The exact fields can change, but the important point is stable: a module has an associated dictionary and optional C-level module definition/state.

The dictionary stores ordinary Python names. When Python code evaluates a global name inside a module, CPython usually looks in that module dictionary first.

For example:

x = 10

def f():
    return x

The function f does not copy x. It stores a reference to the module globals dictionary through its function object. When f executes return x, CPython resolves x using global lookup against that dictionary.

40.3 Import Is Execution

Importing a Python module executes its top-level code.

For example.py:

print("loading example")

value = 42

def get_value():
    return value

The first import executes the file:

import example

Output:

loading example

A second import usually does not execute the file again:

import example

No output appears because CPython finds the existing module in sys.modules.

This behavior is fundamental. Import has side effects because module top-level code runs.
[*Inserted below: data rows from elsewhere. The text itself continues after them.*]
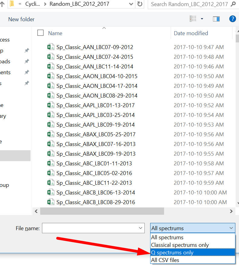 Ok, let's calculate high probability spectrum for cycles calculated with Q-Spectrum module. After clicking "Open" button, choose Random_LBC_2012_2017 folder and highlight the item Q spectrums only: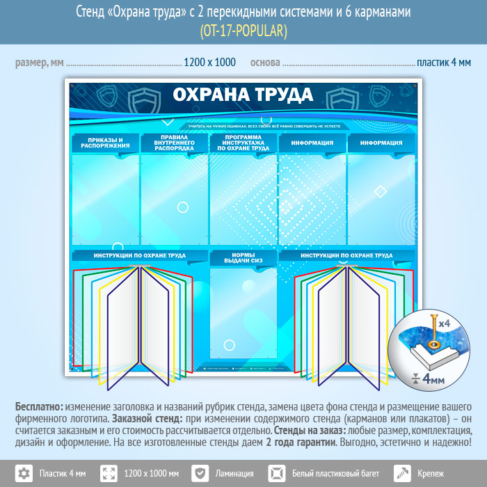 Стенд «Охрана труда» с 2 перекидными системами и 6 карманами (OT-17-POPULAR) в Омске купить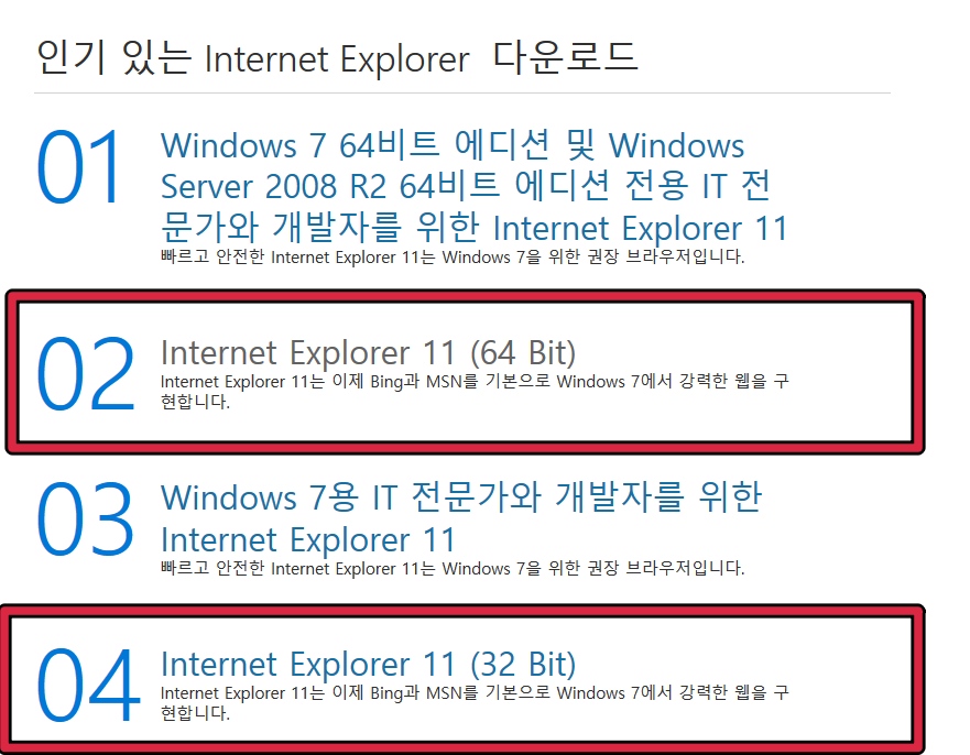 윈도우10 사용장의 경우 위와 같이 Internet Explorer 11 [32bit / 64bit] 중 적합한 것을 다운로드하시면 됩니다. 윈도우7 사용자분들은 3번의 윈도우 7용 인터넷 익스플로러 11을 다운로드하시면 됩니다!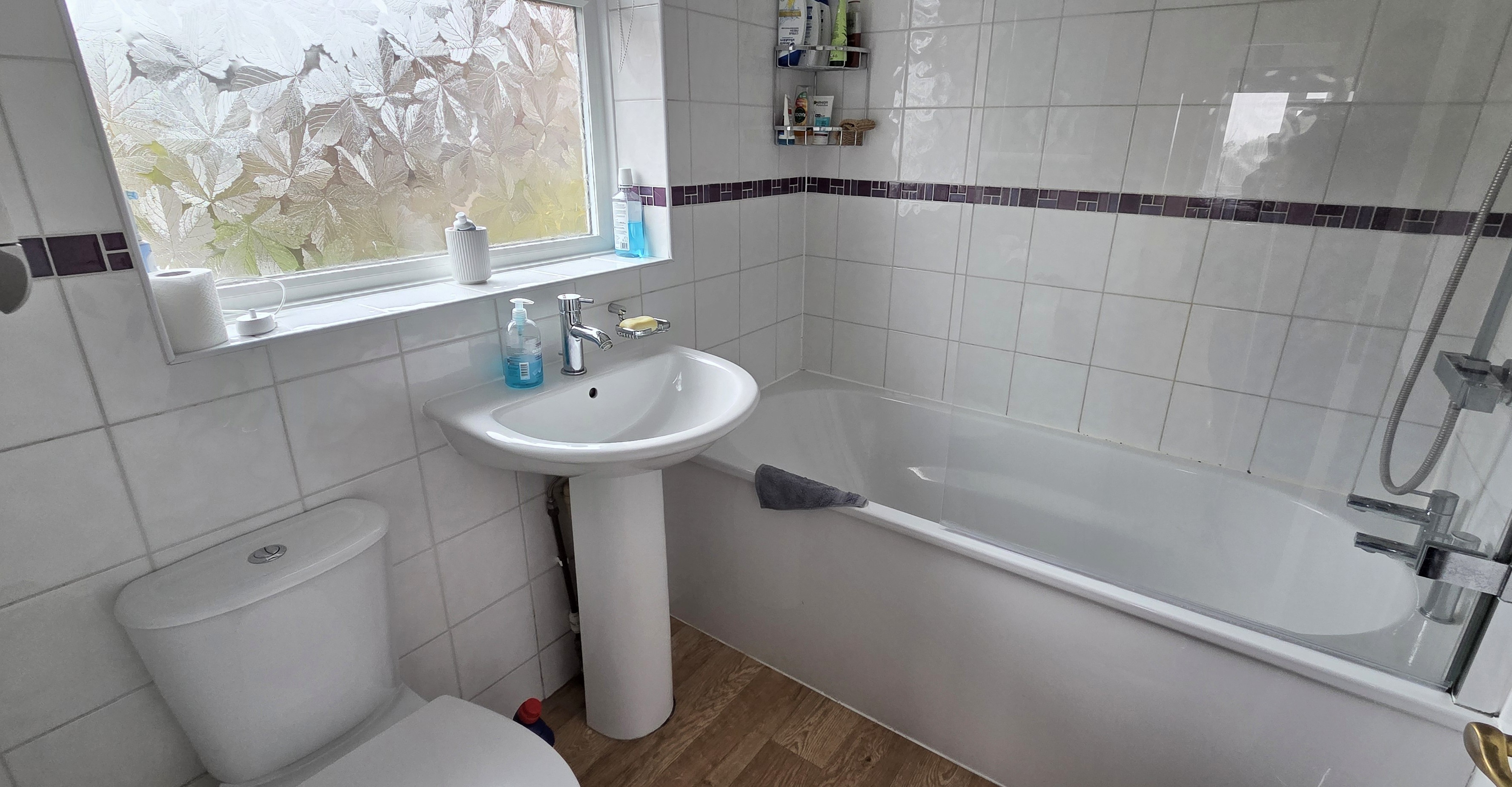 - Generous First Floor landing + storage + Family Bathroom with white suite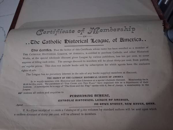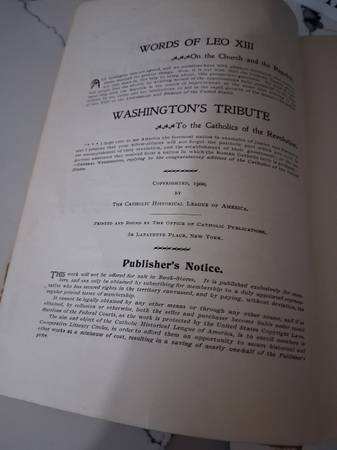 The Cross and The Flag - From the Discovery of America to the Dawn of the 20th Century. It was published around 1900 for the Catholic Historical League of America. The cover shows signs of wear and tear. The first couple of pages are loose, but all of the other pages are intact and in good condition.

Good module top-level code usually contains definitions and cheap initialization:

CONSTANT = 100

def parse(text):
    ...

Risky module top-level code performs expensive or externally visible work:

connect_to_database()
delete_old_files()
start_threads()
make_network_request()

Such code runs during import, sometimes before the application is fully initialized.

40.4 The Import Statement

The statement:

import package.module

does not directly mean “open this file.”

It means:

resolve a module name
find a module specification
create or reuse a module object
initialize import-related attributes
execute the module if needed
bind a name in the caller's namespace

The statement:

import os.path

usually binds os, not os.path, in the local namespace:

import os.path

print(os)
print(os.path)

The statement:

from os import path

binds path directly:

from os import path

print(path)

The statement:

from math import sqrt

imports the module if needed, then retrieves sqrt from that module and binds it in the caller’s namespace.

40.5 Bytecode for Import

CPython compiles import statements into bytecode.

Example:

import math

The compiled code uses import-related bytecode instructions. The exact instruction sequence varies by Python version, but conceptually it does this:

load import machinery
import module named "math"
bind result to name "math"

For:

from math import sqrt

the bytecode conceptually does this:

import module named "math"
load attribute "sqrt"
bind local/global name "sqrt"

You can inspect this with dis:

import dis

def f():
    import math
    return math.sqrt(9)

dis.dis(f)

The import statement is part of normal bytecode execution. There is no separate preprocessor step.

40.6 __import__

At the language level, import statements eventually route through import machinery exposed through builtins.__import__.

import builtins

print(builtins.__import__)

You can call it directly:

math_module = __import__("math")
print(math_module.sqrt(9))

But most code should not call __import__ directly. Use importlib.import_module for dynamic imports:

import importlib

mod = importlib.import_module("math")
print(mod.sqrt(9))

The function __import__ exists because import is dynamic. Python code can import modules by string name at runtime.

40.7 sys.modules

sys.modules is the central module cache.

It is a dictionary mapping fully qualified module names to module objects.

import sys
import math

print(sys.modules["math"] is math)

Output:

True

Before loading a module, the import system checks sys.modules.

Conceptually:

if fullname in sys.modules:
    return sys.modules[fullname]
else:
    module = load_module(fullname)
    sys.modules[fullname] = module
    return module

The real process is more careful because it must handle packages, circular imports, failed imports, locks, and loader protocols.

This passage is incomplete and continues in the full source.